"All had gone well with you," I said. "But what about her?"

"She didn't tell me what you've told me to-day. I supposed till almost the last that she was just travelling about, as we planned for her to do. The only address I had was Mother's old bank, which was to forward everything to Mary-Rose, on her own instructions. Then, a few weeks ago, she wrote and asked if I could manage without her coming back to America. She said it would make a lot of difference in her life, but she didn't explain what she meant. If she'd made a clean breast of everything I might have thought of some other way out; but——"

"But as she didn't, you didn't," I finished the sentence. "Oh, how different Mary-Rose Hillier is in heart from her sister Rosemary Brandreth, though their faces are almost identical! She was always thinking of you, and her promise to you. That promise was killing her—that and her love for Ralston Murray. She didn't want his money, and when she found he was determined to make a will in her favour she thought of a way in which everything would come to you. It was you he really loved—no doubt she argued with herself—and he wanted you to inherit his fortune. Oh, poor tortured girl!—and I used to suspect that she was mercenary. But, thank Heaven, Ralston didn't die, as he expected so soon to do when he made that hurried will. The woman he truly loves was never married before, and is his legal wife. Now, when she goes back to him and he hears the whole truth he will be so happy that he'll live for years, strong and well."
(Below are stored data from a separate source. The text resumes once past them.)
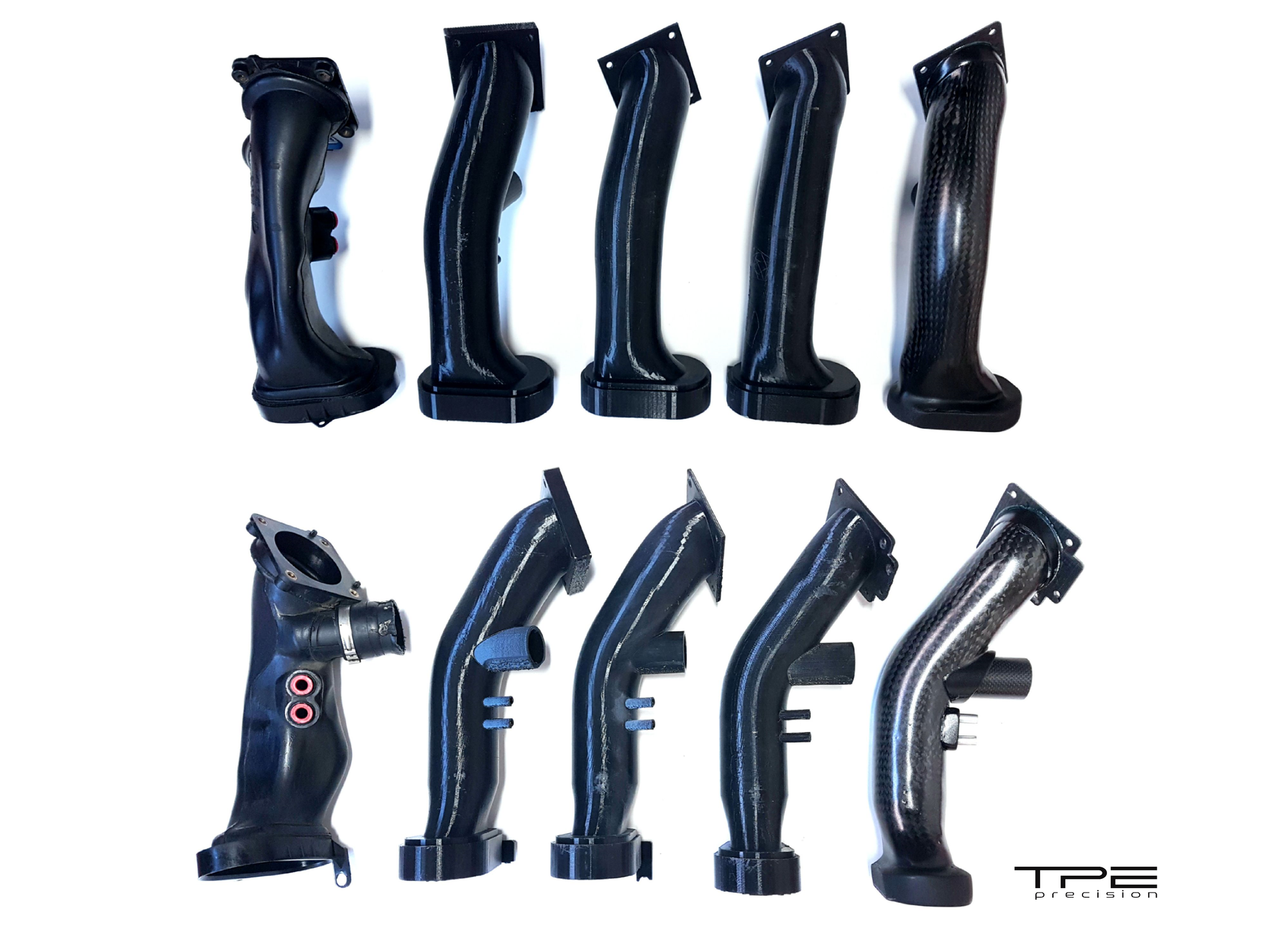 So far : Countless design (CAD modelling) hours and air flow (CFD) simulations, 8 3D printed prototypes (3 in the picture), 2 engine 3D scans and 2 pre-production carbon fiber models. (I haven't include the 3d models and prototypes of the heatshield... ) I put side by side the OEM ,some printed models and the latest carbon fiber charge pipe so not only you can see the difference between stock and the new design but also how from version to version the design changes a bit.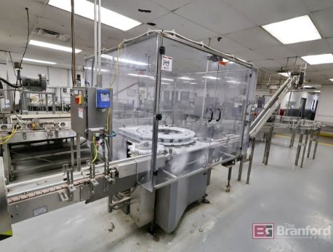 DTM Packaging Ltd. Aerosol Depucker Machine, 1.488 x 5.51, S/N: 19340 (1985), This lot is subject to the Bulk Bid Lot 126. If the hammer price of Bulk Bid Lot exceeds the aggregate total of the bids placed on individual lots, the sale of the individual lots will be voided and Bulk Bid will be awarded. However, if the aggregate total of the individual lot bids exceeds the hammer price of Bulk Bid Lot, the individual lots (127 to 154) will be awarded separately.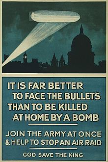 Picture - British WWI poster of a Zeppelin above London at nighttime, with the text "It is far better to face the bullets than to be killed at home by a bomb. Join the army at once & help to stop an air raid. God save the King".

"I don't believe even you can induce Mary-Rose to go back to Ralston Murray," Mrs. Brandreth said. "She wouldn't think he could forgive her for deceiving him."

"He could forgive her anything after what he went through in losing her," I said. "When you've told me where to find your sister, I will tell her that—and a lot more things besides."
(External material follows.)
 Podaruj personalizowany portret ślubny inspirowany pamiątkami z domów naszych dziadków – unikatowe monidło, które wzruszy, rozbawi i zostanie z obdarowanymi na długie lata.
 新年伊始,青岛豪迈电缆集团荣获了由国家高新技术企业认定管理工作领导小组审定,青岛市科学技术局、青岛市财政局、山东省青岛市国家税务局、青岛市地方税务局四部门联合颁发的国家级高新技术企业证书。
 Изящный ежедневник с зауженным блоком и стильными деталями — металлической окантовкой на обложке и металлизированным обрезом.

"Well, if you can make her see your point of view!" Mrs. Brandreth grudged. "If my secret is kept, I hope Mary-Rose may be happy. I don't grudge her Ralston Murray or his fortune; but when she feels herself quite safe as his wife she can pay me my thousand pounds."

"She has paid you, and more, with her heart's blood!" I exclaimed. "Where is she?"

"In New York. She told me she could never go to England again after what had happened there. She seems awfully down, and I left her deciding whether she should enter a charitable sisterhood. They take girls without money, if they'll work in the slums, and Mary-Rose was anxious to do that."

"She won't be when she understands what work lies before her across the sea," I retorted.

Even as I spoke—and as Mrs. Guy Brandreth was writing down her sister's address—I mentally marshalled the arguments I would use: the need to save Ralston from himself, and above all from Paul and Gaby Jennings. But, oh, the sudden stab I felt as those names came to my mind!